С позиций учения Иисуса Христа любое из этих понятий неоднозначно и является грехом только тогда, когда создает окружающим проблемы и неудобства, причиняет боль и страдания. А все остальное, в том числе и «семь смертных грехов» – не более чем красивые слова.
Но, как известно, чем меньше люди понимают, тем официальным церквям (да и множеству сект) удобнее ими управлять в своих целях. В том числе и при помощи создания у людей «комплекса грешной твари».
Действительно, в той или иной степени мы все тщеславны, завистливы, гневны, склонны к унынию, чревоугодливы, скупы… Хотел продолжить – расточительны, начал обдумывать возможность одновременного наличия у одного и того же человека скупости и расточительности, но вовремя понял, что попаду в тот самый капкан, который нам подставляют средневековые схоласты.
На самом деле все гораздо проще. Любить Бога и людей – это праведность. Обратное – грех. Так учил Христос, и только с этой точки зрения грех может стать доступным для нашего понимания.
А понимание греха – это первый шаг на пути к отказу от него.
Мне могут задать «провокационный» вопрос – а что все-таки делать с самозащитой? Можно, конечно, вслед за Иисусом из Назарета продекларировать: «Если бьют по одной щеке, подставь другую», а вот если до этого дойдет, то подставит автор другую щеку или нет?
Вопрос этот и на самом деле непростой, и гораздо более общий, чем конкретное поведение в конкретной ситуации. Его ведь можно сформулировать так: что делать, если, как говорится, «жизнь заставляет согрешить»? А такие случаи встречаются буквально на каждом шагу.
Вспомним один характерный эпизод из Евангелия от Луки.
К Христу подошел некий «правитель» и спросил, что нужно для того, чтобы «наследовать жизнь вечную». Христос напомнил ему о необходимости соблюдения Закона, а в качестве дополнительного условия поставил следующее:
«Все, что имеешь, продай и раздай нищим, и будешь иметь сокровище на небесах; и приходи, следуй за мною.
Он же («правитель» – С.З.), услышав сие, опечалился, потому что был очень богат.
Иисус, видя, как он опечалился, сказал: как трудно имеющим богатство войти в Царство Божие!
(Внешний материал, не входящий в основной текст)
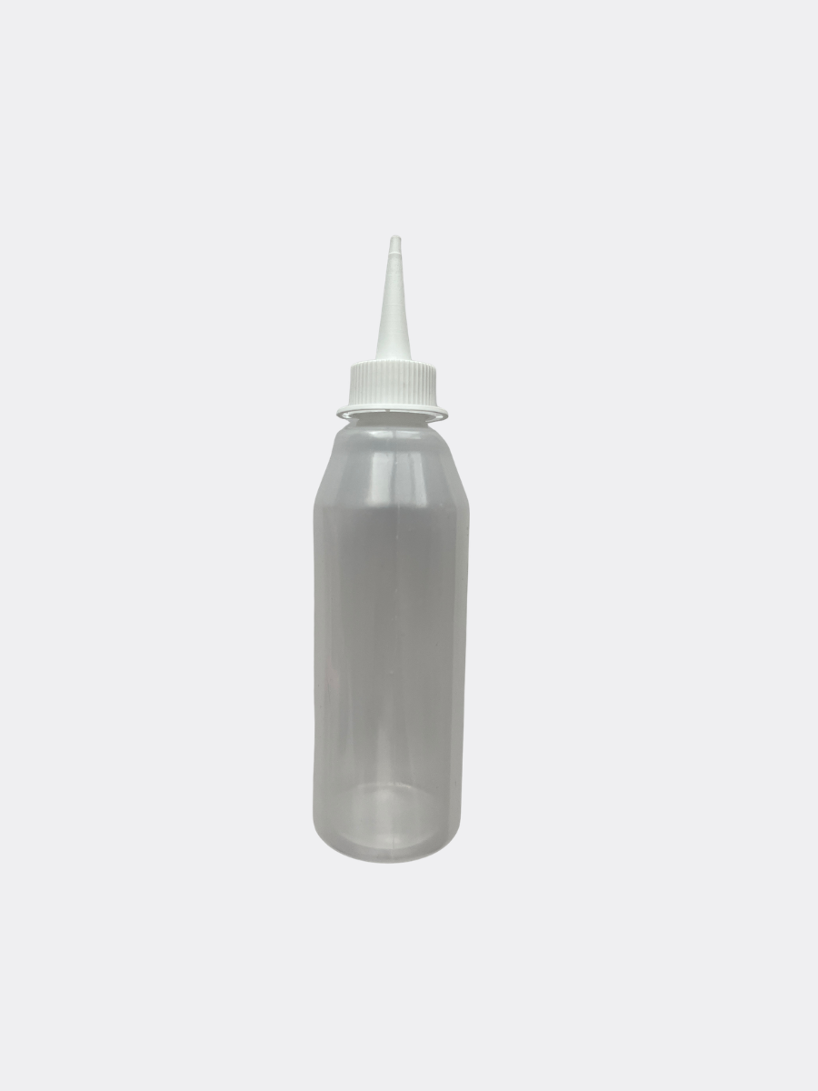 Beccuccio (Pipetta): Integrato nel tappo, presenta una punta sottile e conica. Questo design è pensato per l’applicazione mirata di gocce o di un flusso sottile di prodotto.

Ибо удобнее верблюду пройти сквозь игольное ушко, нежели богатому войти в Царство Божие.
Слышавшие сие сказали: кто же может спастись?
Но Он сказал: невозможное человекам возможно Богу» (Лк. 18:22–27).
Почти так же этот эпизод воспроизведен и в Мф. 19:16–26.
Понятно, что все сказанное по поводу богатства необходимо прежде всего понимать в духовном плане. Если ты возводишь деньги в культ, то волей-неволей начинаешь служить «социальному» злу – со всеми вытекающими последствиями.
Христос не зря говорил:
«Не можете служить Богу и маммоне. Посему говорю вам: не заботьтесь для души вашей, что вам есть и что пить, ни для тела вашего, во что одеться. Душа не больше ли пищи, и тело – одежды?..
Итак не заботьтесь и не говорите: «что нам есть?» или: «что нам пить?» или: «во что одеться?» Потому что всего этого ищут язычники, и потому что Отец ваш Небесный знает, что вы имеете нужду во всем этом.
Ищите же прежде Царства Божия и правды его, и это все приложится вам» (Мф.6:24–33).
Но не будем забывать, что мы сейчас рассматриваем не теоретические, а практические аспекты нравственного императива.
А земная жизнь диктует свои законы, достаточно жесткие и неприглядные. Во-первых, каждому в той или иной степени приходится заботиться и о пище, и об одежде. Во-вторых, реалии сегодняшнего дня не позволяют ни раздавать нищим все, что имеешь, ни подставлять другую щеку, когда бьют.
Теоретически, конечно, это сделать можно, но практически это может оказаться последним поступком в жизни. А Христос, естественно, не желал нам смерти от голода или побоев – это было бы неменьшим противоречием в отношении его собственного учения.
Но кто же тогда может спастись, то есть жить абсолютно праведно? Никто? Значит, апостол Павел ошибался, называя всех христиан святыми?
Ортодоксальные церкви предлагают «потусторонний» вариант решения этой проблемы: согрешил – искупи грехи добрыми делами. После смерти (потом и на «Страшном суде») все грехи и добрые дела пересчитают, сопоставят и решат, кто праведник, а кто нет.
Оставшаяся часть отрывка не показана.